Personal information
- Nationality: United States
- Born: April 1, 2003 (age 23) Woodstock, Georgia
- Education: Kennesaw State University
- Years active: 2018–present
- Height: 174 cm (5 ft 9 in)

Climbing career
- Type of climber: Speed
- Known for: World women's speed record (5.99 sec)

Medal record
Women's competition climbing
Representing United States
World Championships
| Silver medal – second place | 2023 Bern | Speed |
World Cup overall
| Winner | 2021 | Speed |
| Silver medal – second place | 2022 | Speed |
| Winner | 2025 | Speed |
World Cup
| Silver medal – second place | 2021 Salt Lake City | Speed |
| Silver medal – second place | 2022 Seoul | Speed |
| Silver medal – second place | 2022 Salt Lake City | Speed |
| Bronze medal – third place | 2022 Edinburgh | Speed |
| Silver medal – second place | 2023 Villars | Speed |
| Gold medal – first place | 2024 Salt Lake City | Speed |
| Gold medal – first place | 2025 Denver | Speed |
| Silver medal – second place | 2025 Kraków | Speed |
| Bronze medal – third place | 2025 Chamonix | Speed |
| Bronze medal – third place | 2025 Guiyang | Speed |
World Climbing Series
| Gold medal – first place | 2026 Madrid | Speed |
| Bronze medal – third place | 2026 Kraków | Speed |
| Gold medal – first place | 2026 Kraków | Mixed Relay Speed |
| Bronze medal – third place | 2026 Guiyang | Mixed Relay Speed |
| Gold medal – first place | 2026 Chongqing | Speed |
World Games
| Gold medal – first place | 2022 Birmingham | Women's speed |
Pan American Games
| Silver medal – second place | 2023 Santiago | Speed |

= Emma Hunt =

American speed climber (born 2003)

Emma Hunt (born April 1, 2003) is an American competition climber who specializes in competition speed climbing, and holds the world women's speed record with 5.99 seconds, set in July 2026 at the World Climbing Series in Kraków, Poland.

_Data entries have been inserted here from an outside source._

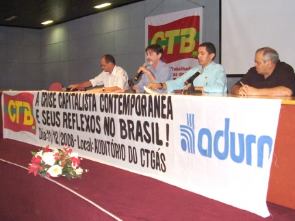 No dia 11/12 a Adurn promovou, em parceria com a CTB, debate com o professor da UNB Lécio Morais sobre Crise do Capitalismo.
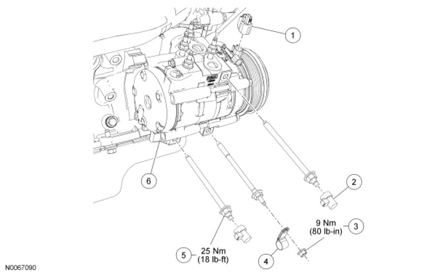 6. NOTE: It is not necessary to remove the A/C compressor stud bolts.
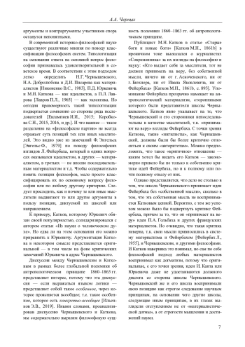 Проанализирована полемика между Н. Г. Чернышевским и М. Н. Катковым о статье П. Д. Юркевича «Из науки о человеческом духе». В частности, анализируются статьи М. Н. Каткова «Старые боги и новые боги» и «По поводу “полемических красот” в “Современнике”», опубликованные в «Русском вестнике», и работа Н. Г. Чернышевского «Полемические красоты», опубликованная в «Современнике». Отмечено, что по форме спор похож скорее на перебранку, чем на научную дискуссию, но содержательно в ходе спора Н. Г. Чернышевского и М. Н. Каткова были выражены философские основания разногласий между теорией школы Чернышевского и взглядами М. Н. Каткова и П. Д. Юркевича. Указывается, что принцип партийности философии не сводится к разделению мыслителей только на материалистов и идеалистов в онтологии, но также гласит о гносеологическом различии между монизмом и дуализмом. Дискуссия между М. Н. Катковым и Н. Г. Чернышевским рассматривается как особенное, в котором отражается всеобщее. Другими словами, в эпизодическом споре между мыслителями выражена основная суть всей дискуссии 1860-х гг. об антропологическом принципе. Начертаны возможные пути преодоления ситуации, в которой под видом диалога ведется два несвязанных друг с другом монолога. Намечены перспективы налаживания философского диалога между представителями разных философских школ, разных точек зрения на фундаментальные вопросы онтологии и теории познания. Отмечено, что в XIX в. в России материализм как философское учение был менее разработан, чем идеализм, представленный немецкими классиками, в связи с чем могла возникать недооценка этого учения оппонентами.
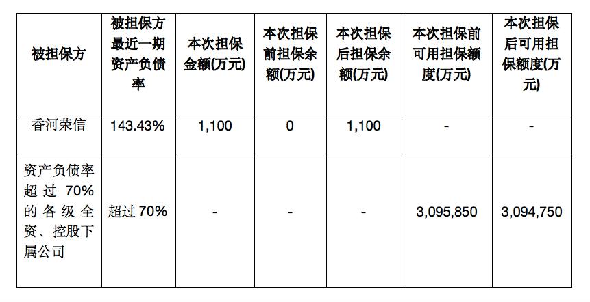 被擔(dān)保子公司資產(chǎn)負(fù)債率143.43% 下屬子公司亦擔(dān)保900萬元
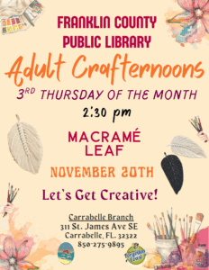 The Friends of the Franklin County Public Libraries (FFCPL) are pleased to announce a fun and creative event as part of their Fall Program Series – Adult Crafternoon: Macramé Leaf. This hands-on crafting workshop will take place on Thursday, November 20, 2025 at 2:30 PM at the Carrabelle Branch Library, located at 311 St. James Avenue (Hwy 98), Carrabelle, FL. The workshop is free with all materials supplied and open to all adults. No library card is required.
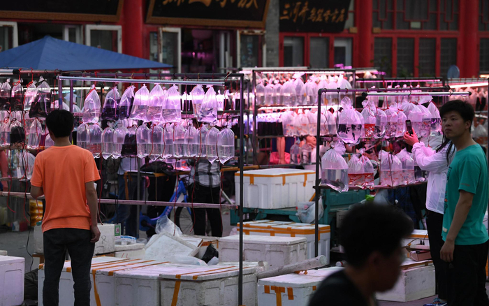 新京报讯(记者 王颖)位于东四环外的高碑店鱼市,可以说是目前北京最大的观赏鱼鱼市。夜市每周四最为热闹,天津河北山西等地的商贩都会汇集到这里,很多鱼友、鱼商都从这里购买观赏鱼以及水族产品。

==Competition climbing career==
Hunt finished first overall in speed for the 2025 IFSC Climbing World Cup Series and has 12 World Cup podium finishes overall. She finished seventh at the 2021 IFSC Climbing World Championships.

Hunt won her first senior event at the 2021 IFSC Pan-American Championships in Ibarra, Ecuador. She also won the gold medal in the women's speed event at the 2022 World Games in July 2022.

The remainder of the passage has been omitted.